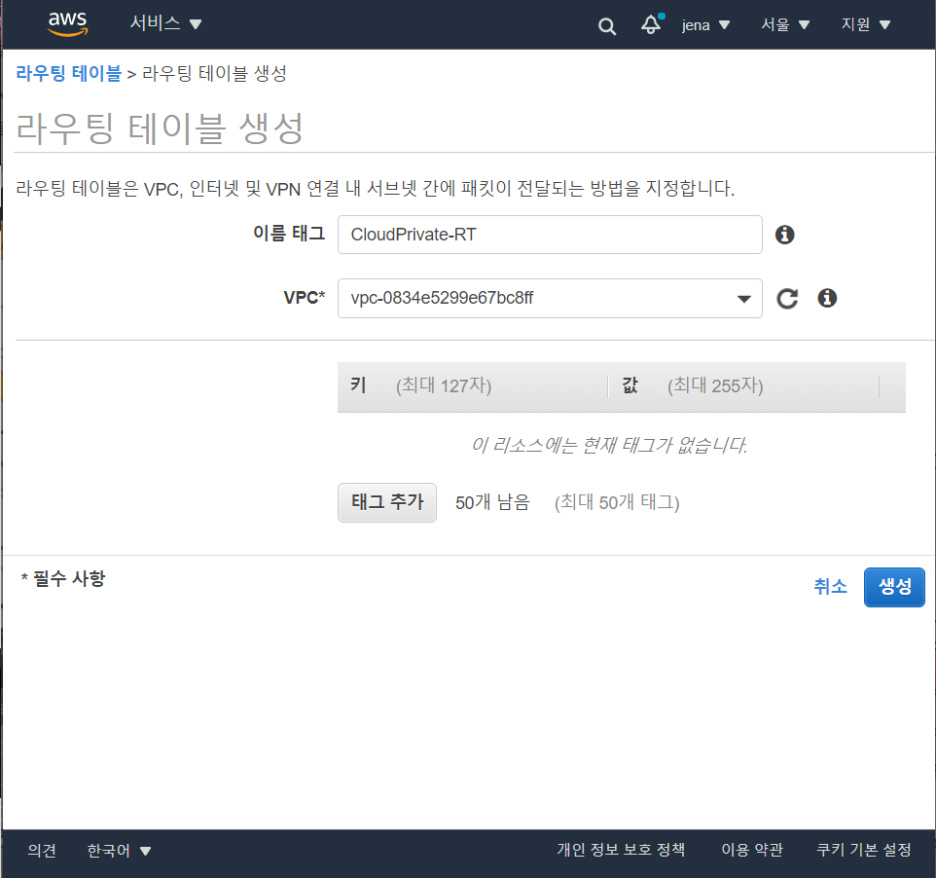 이제 라우팅 테이블에 가서 서브넷이 2개이므로 2개의 테이블을 만들어야한다.
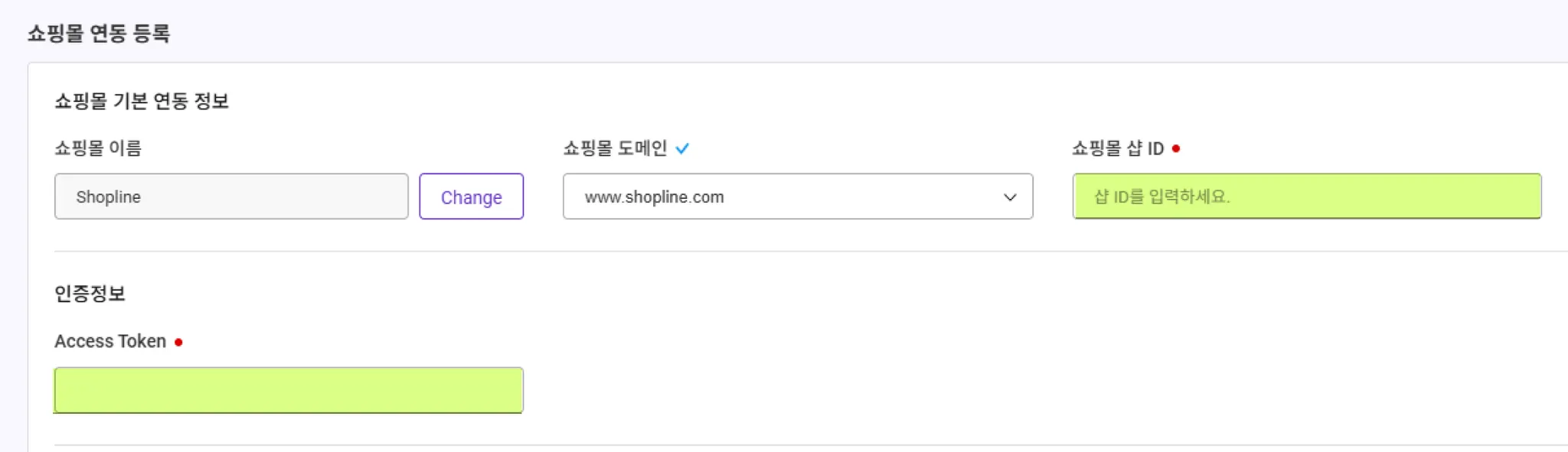 샵 ID : Shopline Admin에 로그인하는 판매자 ID입니다.
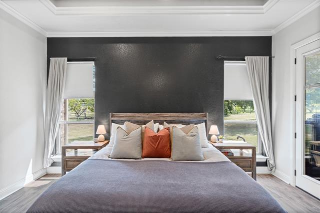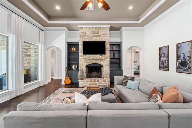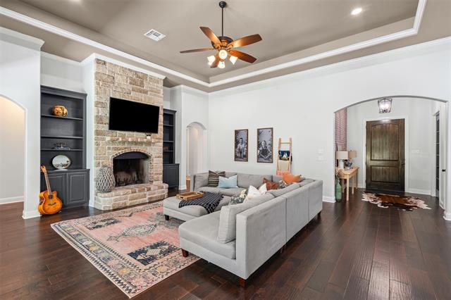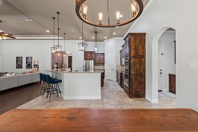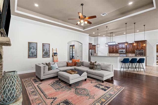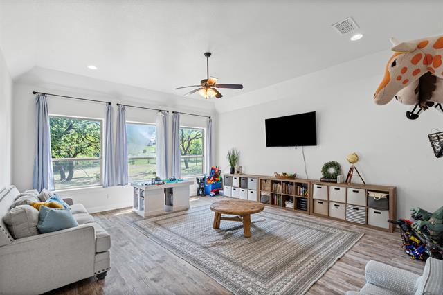 Set on a beautiful one-acre lot, this Aledo ISD home offers space, privacy, and modern comfort with four bedrooms plus a dedicated office and a versatile game room. The expansive kitchen serves as the heart of the home, featuring abundant counter space, a large island, ample cabinetry and storage, and a seamless flow into the dining and main living areas, creating the perfect layout for entertaining family and friends. The open-concept design allows gatherings to move easily from the kitchen to the spacious living room, where high ceilings and natural light enhance the inviting atmosphere and showcase the stunning stone fireplace surrounded by gorgeous built ins. The primary suite is a true retreat, offering an island soaking tub, a dual-entry shower with a combining waterfall feature, and elegant finishes throughout. Recent updates include faux wood flooring in the primary bedroom and playroom (2022), new interior paint from 2020–2025, freshly painted built-ins and doors, and a new epoxy-coated garage floor with anti-slip finish (2023). Additional improvements include a completed backyard fence with two access gates installed, gutters, and sprinkler system, a new AC unit for the main living and bedroom areas (2023-2024) with a new indoor motor (2025), a water softener system, and a newer dishwasher. Enjoy the benefits of private well, along with an oversized laundry room and an impressive primary closet. With thoughtful upgrades inside and out, this beautifully maintained property combines efficiency, style, and the peaceful charm of country living—all within minutes of top-rated Aledo schools.
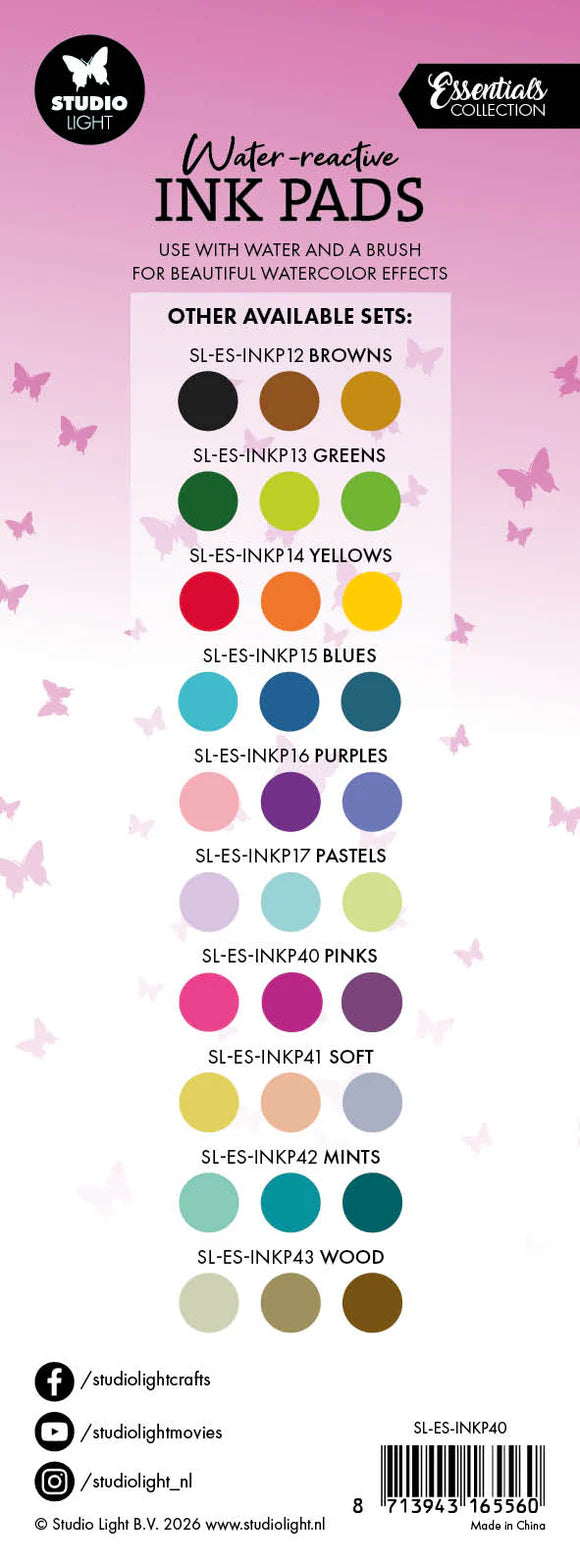 Studio Light - Essentials - Water - reactive Ink pads - Pinks (Pkt 3)
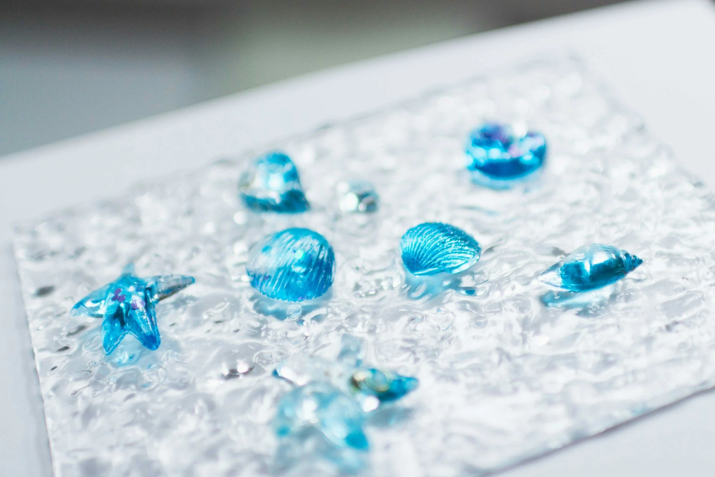 Each piece is handcrafted with intention using crushed glass, resin, and natural textures like shells. No mass production, just thoughtful creation.
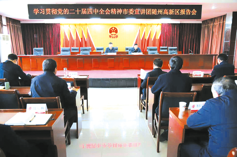 2025年11月21日,学习贯彻党的二十届四中全会精神市委宣讲团报告会在随州高新区举行。市委宣讲团成员,市人大常委会党组成员、副主任,随州高新区党工委书记、管委会主任郭晓东作宣讲报告
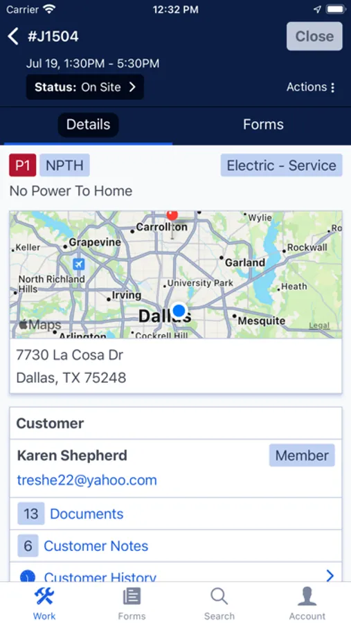 The CertainPath app allows technicians to be dispatched to jobs, view information about their jobs, summarize their work with debriefs, and create invoices from the field.
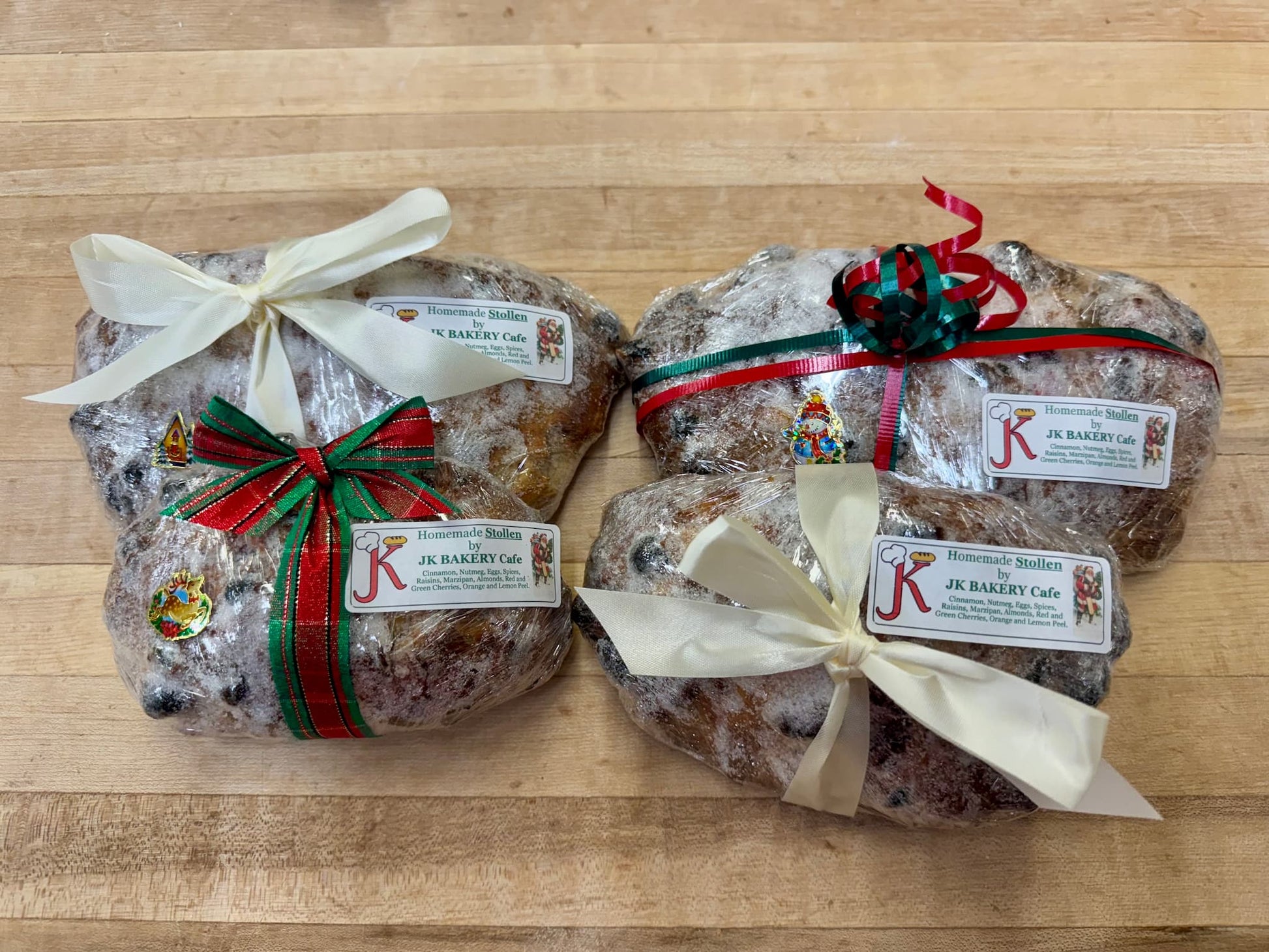 Stollen is a traditional German fruit bread eaten during the Christmas season. It consists of nuts, spices, and dried or candied fruit, coated with powdered sugar.

# Exercise:
Output every record above word for word, omitting any pictures they contain.

# Solution to this task:
 이제 라우팅 테이블에 가서 서브넷이 2개이므로 2개의 테이블을 만들어야한다.
 샵 ID : Shopline Admin에 로그인하는 판매자 ID입니다.
 Set on a beautiful one-acre lot, this Aledo ISD home offers space, privacy, and modern comfort with four bedrooms plus a dedicated office and a versatile game room. The expansive kitchen serves as the heart of the home, featuring abundant counter space, a large island, ample cabinetry and storage, and a seamless flow into the dining and main living areas, creating the perfect layout for entertaining family and friends. The open-concept design allows gatherings to move easily from the kitchen to the spacious living room, where high ceilings and natural light enhance the inviting atmosphere and showcase the stunning stone fireplace surrounded by gorgeous built ins. The primary suite is a true retreat, offering an island soaking tub, a dual-entry shower with a combining waterfall feature, and elegant finishes throughout. Recent updates include faux wood flooring in the primary bedroom and playroom (2022), new interior paint from 2020–2025, freshly painted built-ins and doors, and a new epoxy-coated garage floor with anti-slip finish (2023). Additional improvements include a completed backyard fence with two access gates installed, gutters, and sprinkler system, a new AC unit for the main living and bedroom areas (2023-2024) with a new indoor motor (2025), a water softener system, and a newer dishwasher. Enjoy the benefits of private well, along with an oversized laundry room and an impressive primary closet. With thoughtful upgrades inside and out, this beautifully maintained property combines efficiency, style, and the peaceful charm of country living—all within minutes of top-rated Aledo schools.
 Studio Light - Essentials - Water - reactive Ink pads - Pinks (Pkt 3)
 Each piece is handcrafted with intention using crushed glass, resin, and natural textures like shells. No mass production, just thoughtful creation.
 2025年11月21日,学习贯彻党的二十届四中全会精神市委宣讲团报告会在随州高新区举行。市委宣讲团成员,市人大常委会党组成员、副主任,随州高新区党工委书记、管委会主任郭晓东作宣讲报告
 The CertainPath app allows technicians to be dispatched to jobs, view information about their jobs, summarize their work with debriefs, and create invoices from the field.
 Stollen is a traditional German fruit bread eaten during the Christmas season. It consists of nuts, spices, and dried or candied fruit, coated with powdered sugar.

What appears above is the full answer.